Luxembourg is the largest captive reinsurance market in the EU. International companies from all over the world have established around 200 reinsurance undertakings in the Grand Duchy.

 

There are several benefits of captive reinsurance. The premiums paid to the captive by the parent and affiliates of the group and the attached captive’s underwriting profits can be retained within the international group and used to finance the business activities of the other subsidiaries of the group.

The captive reinsurance, being an “in-house” reinsurance solution, allows its owner to tailor the insurance to suit the group’s specific requirements. In particular, international groups with different types of risks in different geographic locations may often have to purchase insurance policies from local providers. A captive can create a “one-stop shop” within the group, enabling the owner of the captive to allocate deductibles for each risk or territory.

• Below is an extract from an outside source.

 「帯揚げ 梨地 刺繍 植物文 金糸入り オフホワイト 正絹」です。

The captive also centralises the risk management strategy of the international group, allowing for a better overall assessment of the group’s risk exposure and losses.

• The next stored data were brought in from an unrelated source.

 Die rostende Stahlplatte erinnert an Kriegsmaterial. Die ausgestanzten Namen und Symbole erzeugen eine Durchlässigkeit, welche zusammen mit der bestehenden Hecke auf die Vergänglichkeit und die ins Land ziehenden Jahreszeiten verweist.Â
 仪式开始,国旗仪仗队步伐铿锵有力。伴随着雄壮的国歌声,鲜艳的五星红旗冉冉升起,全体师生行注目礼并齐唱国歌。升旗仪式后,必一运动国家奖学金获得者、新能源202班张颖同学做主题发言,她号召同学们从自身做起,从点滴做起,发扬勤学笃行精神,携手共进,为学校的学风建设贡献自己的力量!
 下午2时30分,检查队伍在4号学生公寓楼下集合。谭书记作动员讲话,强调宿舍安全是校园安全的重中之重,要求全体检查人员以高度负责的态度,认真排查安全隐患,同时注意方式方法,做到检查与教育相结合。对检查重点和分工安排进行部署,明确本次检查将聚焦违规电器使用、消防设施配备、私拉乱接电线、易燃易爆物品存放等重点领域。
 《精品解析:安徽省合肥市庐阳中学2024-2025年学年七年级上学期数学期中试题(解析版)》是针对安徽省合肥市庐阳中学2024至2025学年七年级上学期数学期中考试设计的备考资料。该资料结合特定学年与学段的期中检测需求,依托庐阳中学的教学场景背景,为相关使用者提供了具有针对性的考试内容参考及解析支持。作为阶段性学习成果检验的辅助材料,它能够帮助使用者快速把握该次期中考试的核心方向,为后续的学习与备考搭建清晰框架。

The role of reinsurance in the transfer of insurance risk

For several decades, Luxembourg has stood out as a financial centre specialised in fund management. However, it is also a well-established big captive reinsurance hub and many of these captive reinsurance companies are also clients of major insurers.

Thomas Lillelund
CEO, AIG Europe

The vast majority of reinsurance companies in Luxembourg are of the “captive” type which means they are subsidiaries of international groups and their principal objective is that of reinsuring the risks of the other companies in the group. Captive reinsurance is essentially an “in-house” insurance entity created to insure the parent company and its affiliated companies.

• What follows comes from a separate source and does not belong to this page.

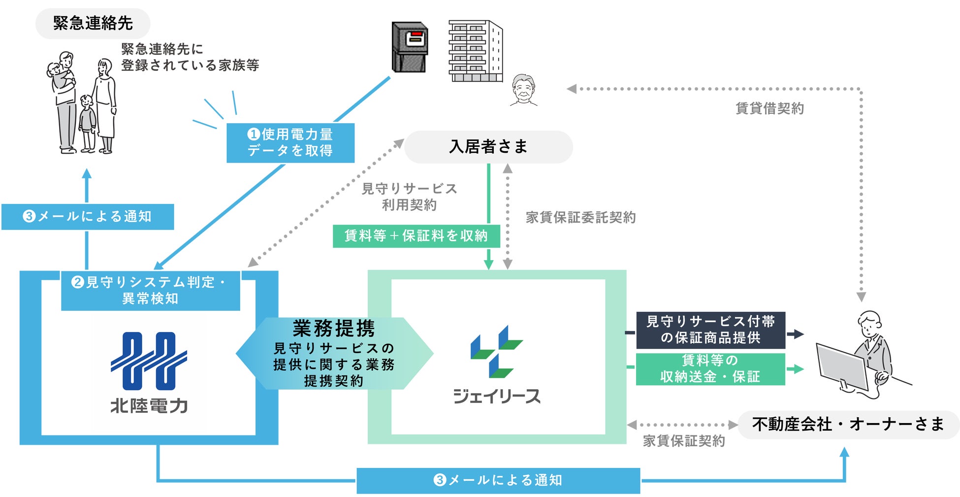 ジェイリース株式会社(本社:東京都新宿区・大分県大分市、東証プライム市場:7187、以下ジェイリース)は、北陸電力株式会社(東証プライム市場:9505 本社:富山県富山市、以下北陸電力と表記)と業務提携し、北陸電力が提供する使用電力量データを活用した入居者見守りサービスを付帯した保証サービス「電気でつながりサポート」の提供を開始したことをお知らせいたします。

There is no difference in the European and Luxembourg domestic legislation between standard reinsurance companies and captives, both in terms of activities and taxation, but a captive largely restricts its activities to reinsuring other members of its group. Both captives and non-captives operate in a regulatory framework defined at the EU level by the Reinsurance Directive, transposed into Luxembourg legislation in December 2007, and by the Solvency II Directive, transposed in December 2015.